◆ WHAT TO PRODUCE ◆
Pictures are to be left out; every line from the one with "- Expressionistische schilderingen" through the end of the data must be transcribed exactly.

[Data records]
-----
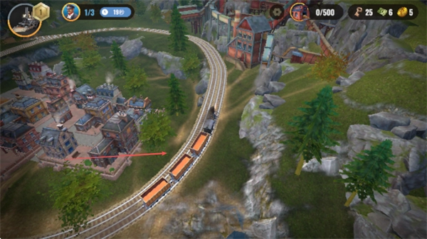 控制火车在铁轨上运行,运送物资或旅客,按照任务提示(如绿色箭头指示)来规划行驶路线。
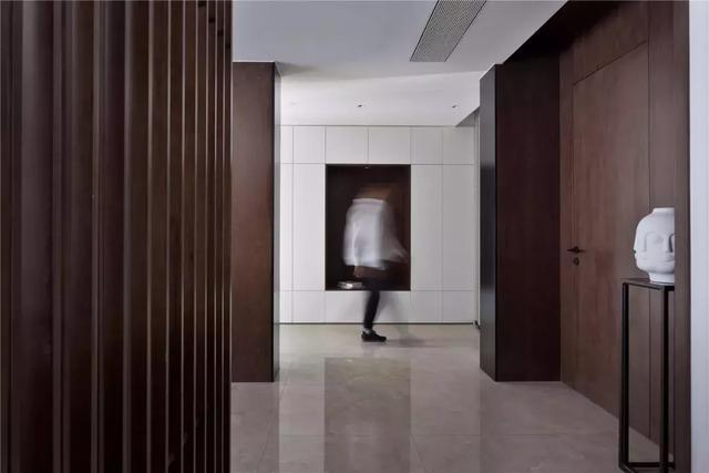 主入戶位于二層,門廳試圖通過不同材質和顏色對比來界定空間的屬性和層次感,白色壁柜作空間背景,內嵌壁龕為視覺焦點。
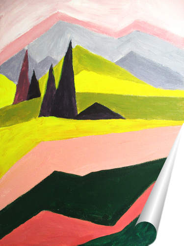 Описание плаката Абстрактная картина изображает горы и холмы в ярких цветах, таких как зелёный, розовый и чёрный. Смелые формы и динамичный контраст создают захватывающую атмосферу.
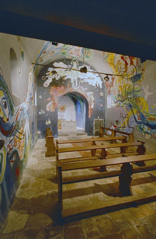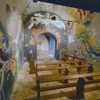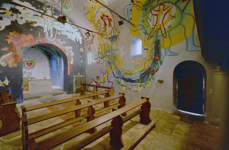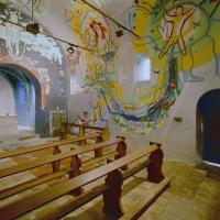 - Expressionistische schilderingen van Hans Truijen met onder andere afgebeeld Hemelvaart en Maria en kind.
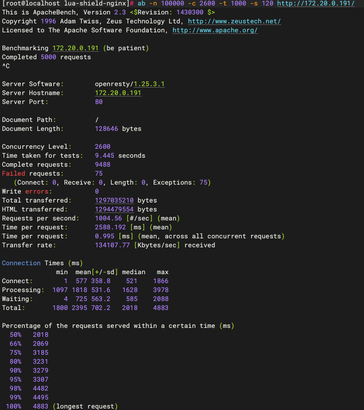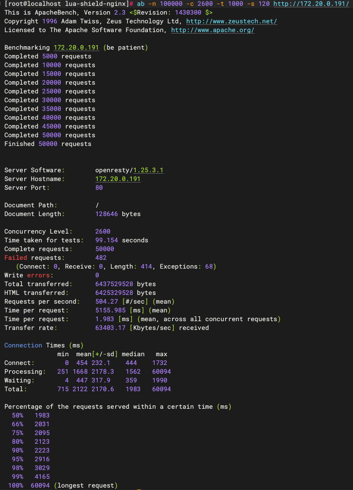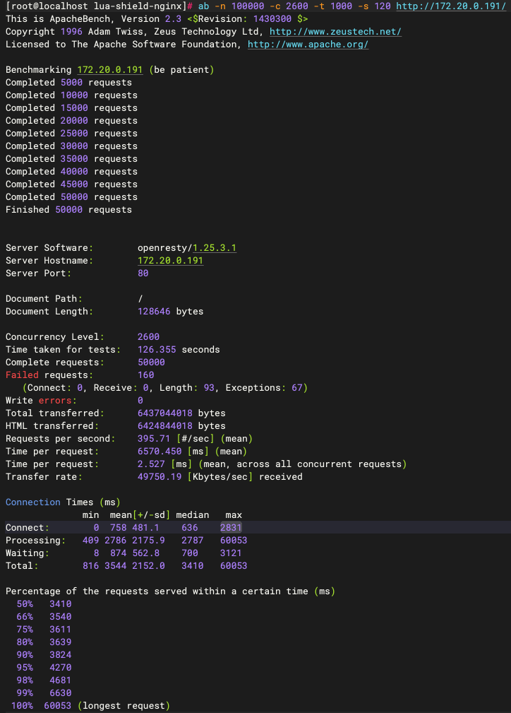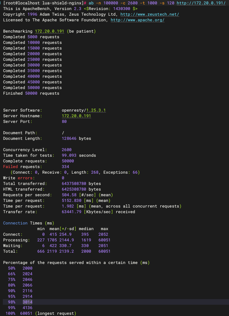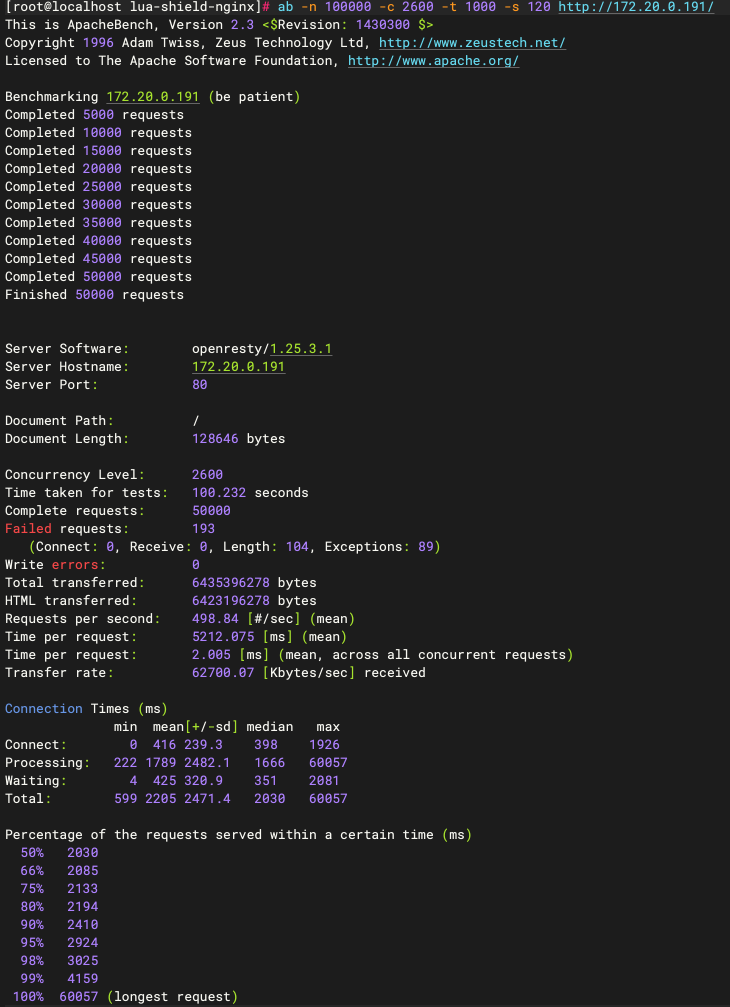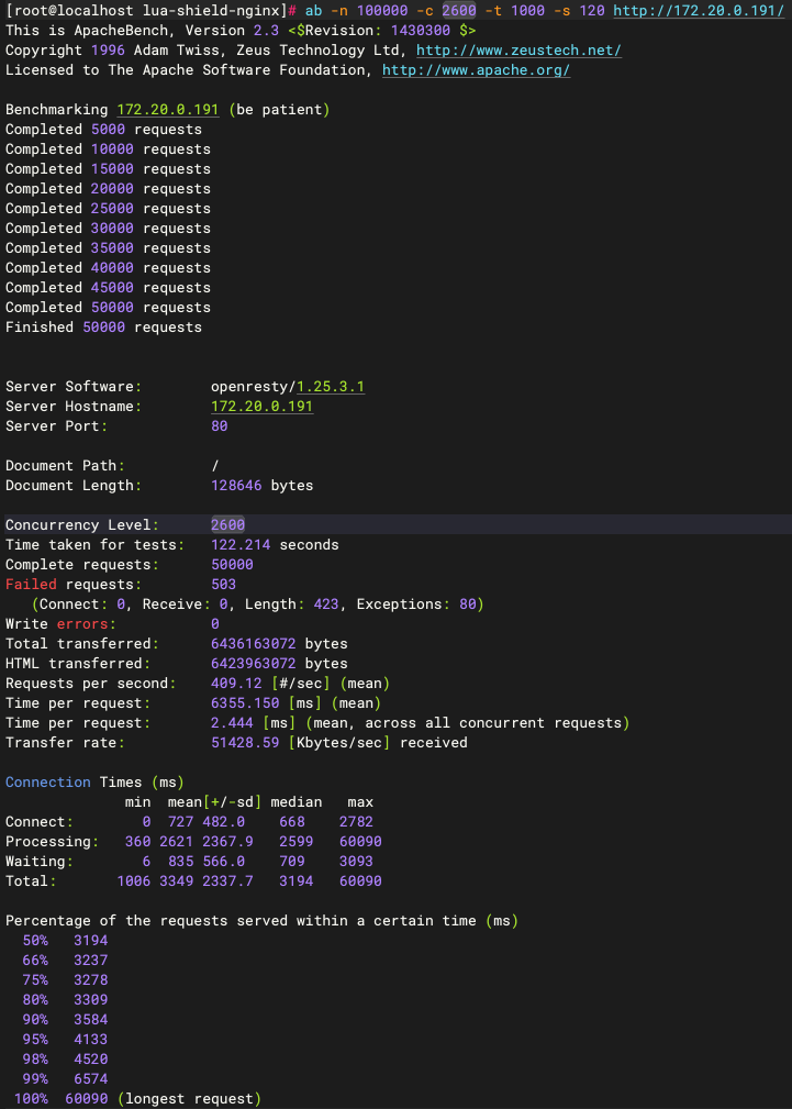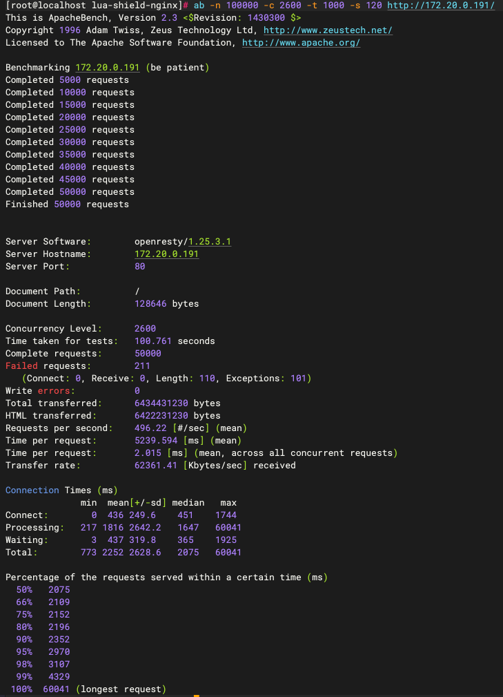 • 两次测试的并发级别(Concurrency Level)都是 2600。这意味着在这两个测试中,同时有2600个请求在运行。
-----
◆ ANSWER AREA ◆
 - Expressionistische schilderingen van Hans Truijen met onder andere afgebeeld Hemelvaart en Maria en kind.
 • 两次测试的并发级别(Concurrency Level)都是 2600。这意味着在这两个测试中,同时有2600个请求在运行。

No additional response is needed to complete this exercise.